Records to process:
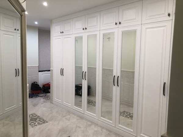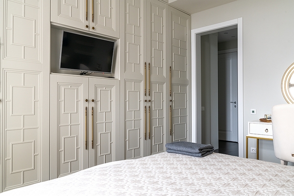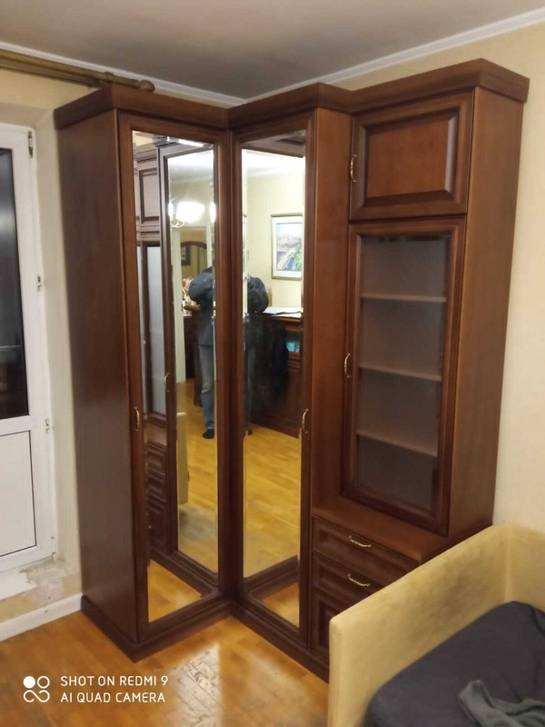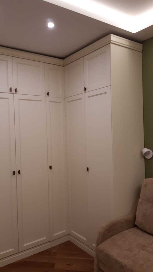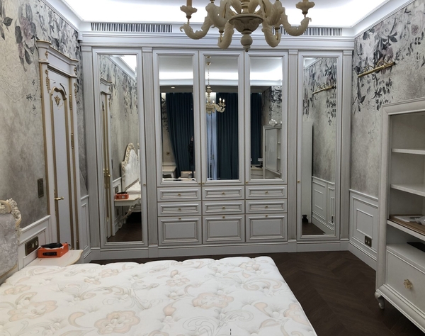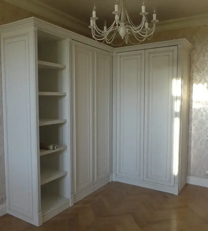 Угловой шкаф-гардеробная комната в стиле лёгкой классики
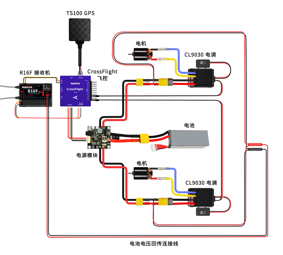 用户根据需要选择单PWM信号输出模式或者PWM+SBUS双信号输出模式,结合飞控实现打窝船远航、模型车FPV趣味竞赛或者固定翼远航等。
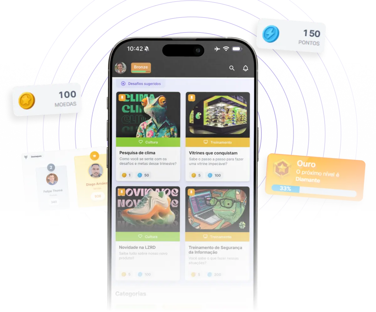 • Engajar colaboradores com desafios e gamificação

==

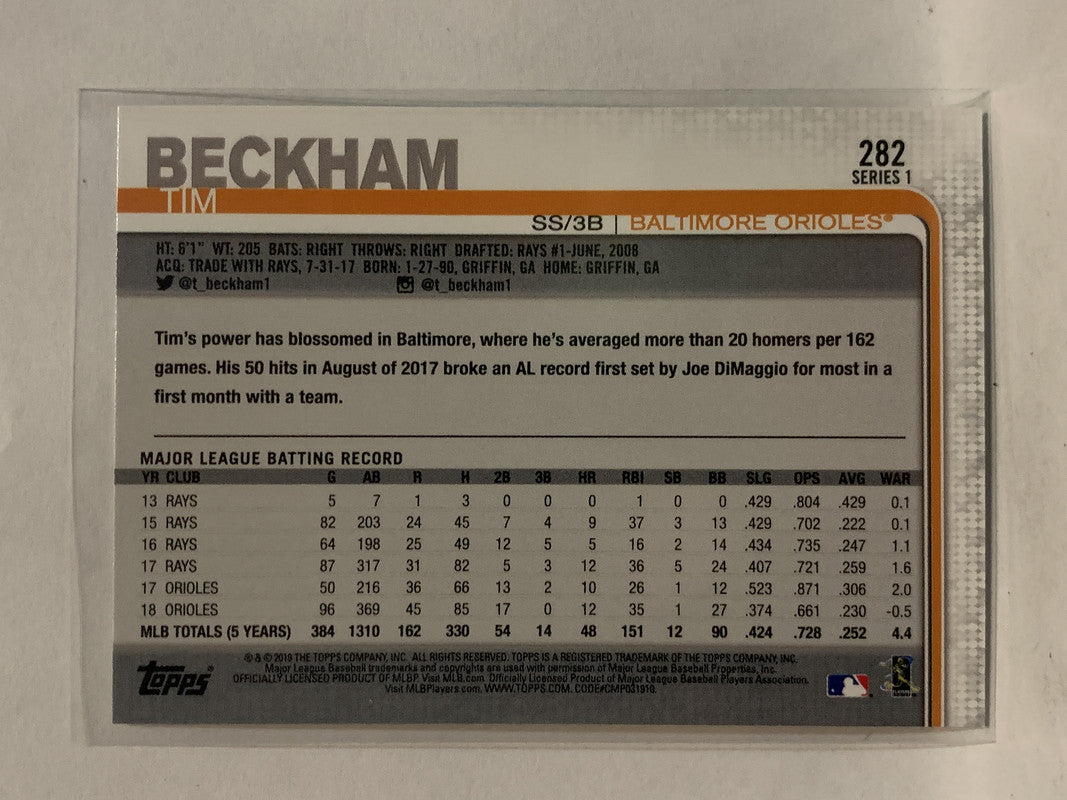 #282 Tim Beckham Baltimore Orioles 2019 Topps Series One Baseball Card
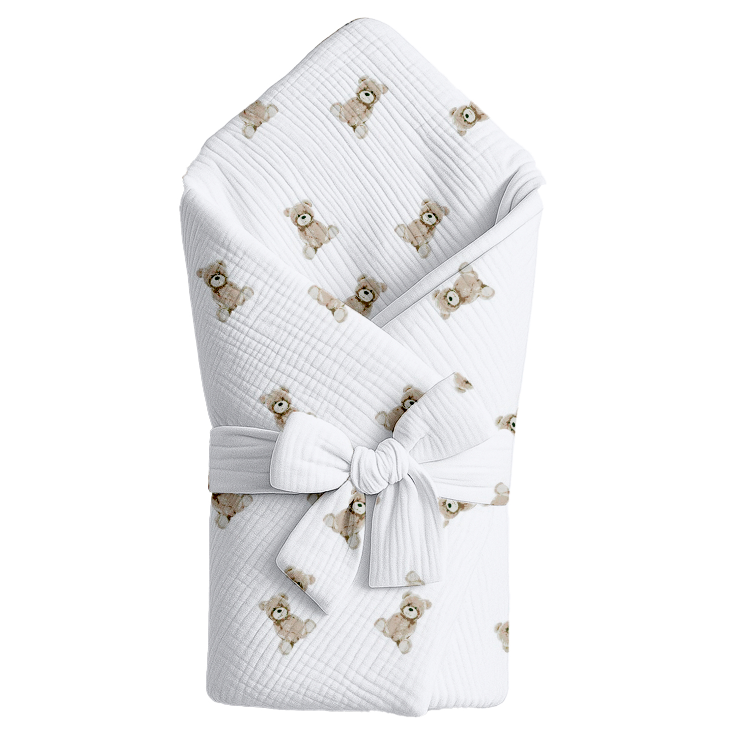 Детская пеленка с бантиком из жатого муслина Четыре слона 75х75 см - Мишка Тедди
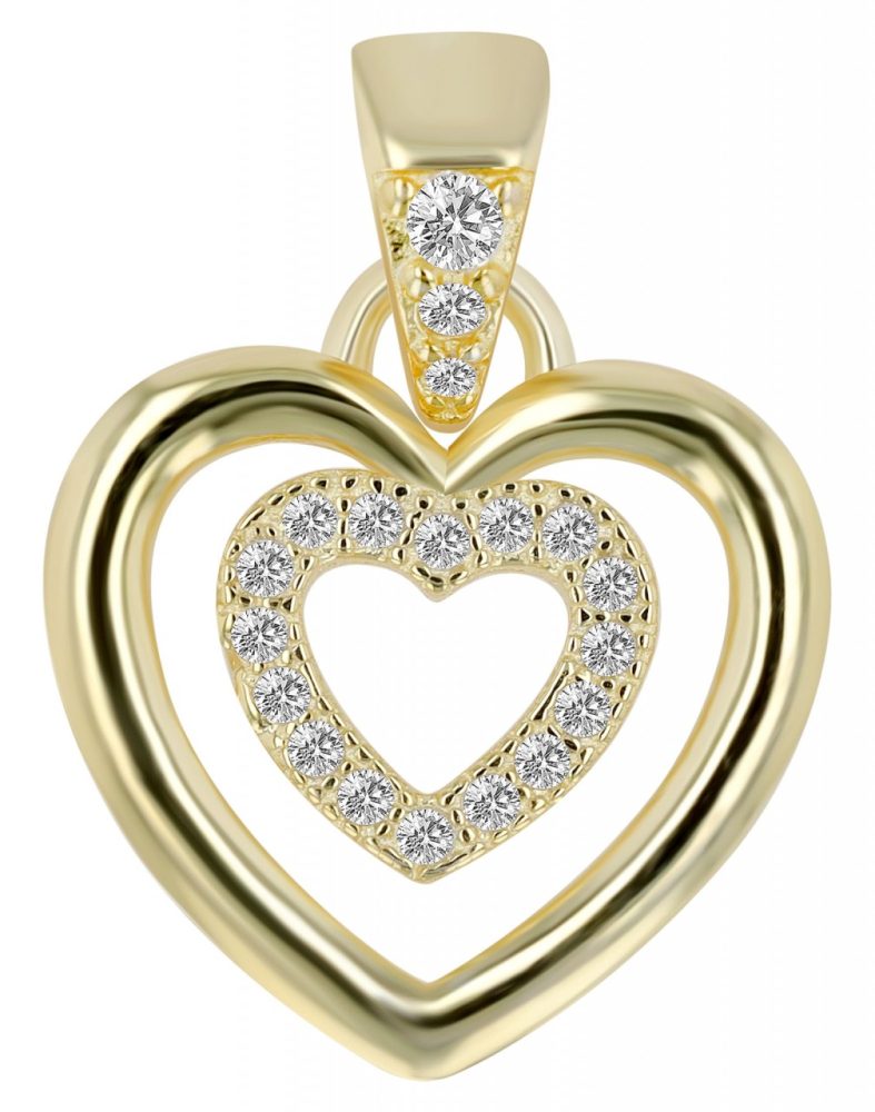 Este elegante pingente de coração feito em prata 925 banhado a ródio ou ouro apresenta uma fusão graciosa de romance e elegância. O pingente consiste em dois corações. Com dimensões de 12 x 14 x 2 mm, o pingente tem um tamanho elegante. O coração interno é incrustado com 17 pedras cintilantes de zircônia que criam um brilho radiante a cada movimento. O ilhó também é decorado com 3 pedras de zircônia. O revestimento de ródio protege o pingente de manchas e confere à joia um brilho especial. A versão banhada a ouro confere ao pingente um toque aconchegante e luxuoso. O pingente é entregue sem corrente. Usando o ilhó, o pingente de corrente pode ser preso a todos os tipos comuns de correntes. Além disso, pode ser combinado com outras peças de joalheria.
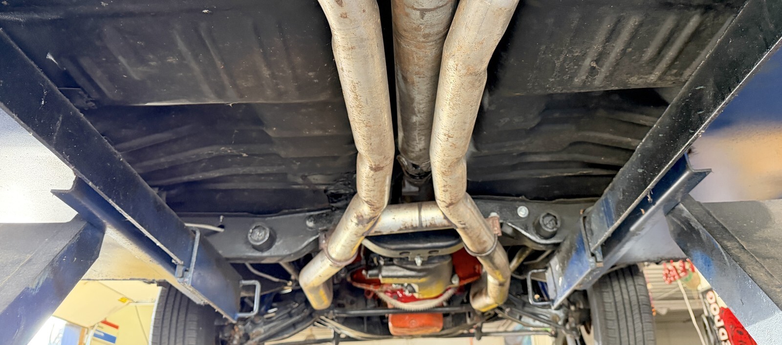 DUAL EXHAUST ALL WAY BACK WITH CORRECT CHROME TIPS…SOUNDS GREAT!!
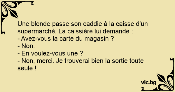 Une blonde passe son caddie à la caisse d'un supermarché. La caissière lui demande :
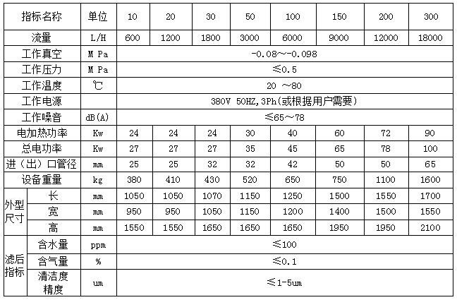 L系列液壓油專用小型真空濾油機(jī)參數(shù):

Your task: Starting at the line above that holds "Угловой шкаф-гардеробная комната", repeat every line exactly down to and including the line that holds "desafios e gamificação", then stop. Do not carry over any pictures.

Exercise result:
 Угловой шкаф-гардеробная комната в стиле лёгкой классики
 用户根据需要选择单PWM信号输出模式或者PWM+SBUS双信号输出模式,结合飞控实现打窝船远航、模型车FPV趣味竞赛或者固定翼远航等。
 • Engajar colaboradores com desafios e gamificação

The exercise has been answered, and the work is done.